Yes, that's indeed the way I'm doing it right now. Supporting both "rate-modes" seems like the best way to do go forward. Thanks for the explanation, I couldn't grasp the difference from looking at the code of wrk and wrk2 (I'm not very good with C though).
This is what I've done initially, but I faced errors in certain conditions:
When running the tool on 4 threads with 10 simultaneous connections for 10 seconds, I receive the following error on macOS (M1 Max) starting around 3/4 of the runtime:
NIOConnectionError(host: "localhost", port: 8080, dnsAError: nil, dnsAAAAError: nil, connectionErrors: [NIOPosix.SingleConnectionFailure(target: [IPv6]localhost/::1:8080, error: connection reset (error set): Connection refused (errno: 61)), NIOPosix.SingleConnectionFailure(target: [IPv4]localhost/127.0.0.1:8080, error: connect(descriptor:addr:size:): Can't assign requested address (errno: 49))])
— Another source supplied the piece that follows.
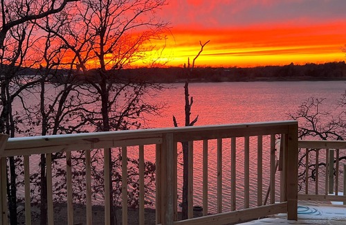 This beautiful lakeside home sets directly on the lake. If you are inside you will likely find yourself gazing out the 2 story wall of windows that face the lake. The beautiful sunsets over the water alone are worth the stay. They are breathtaking.

When running on a dedicated linux machine under the same conditions I receive this error:
connect(descriptor:addr:size:): Cannot assign requested address (errno: 99)
It seems like the same issue, maybe the program ran out of ephemeral ports?
While I'm writing the post, I realised to set so_reuseaddr on the channel, which resolved the issue on first glance. But when running the tool again, the error reappears. Maybe I'm not releasing the sockets properly or I have to set another channel option
(Edit: just checked with netstat, the sockets are in TIME_WAIT state)
Due to this, I changed to connection reuse, but I'd love to make this configurable in some way to get a good middle ground, as you suggested.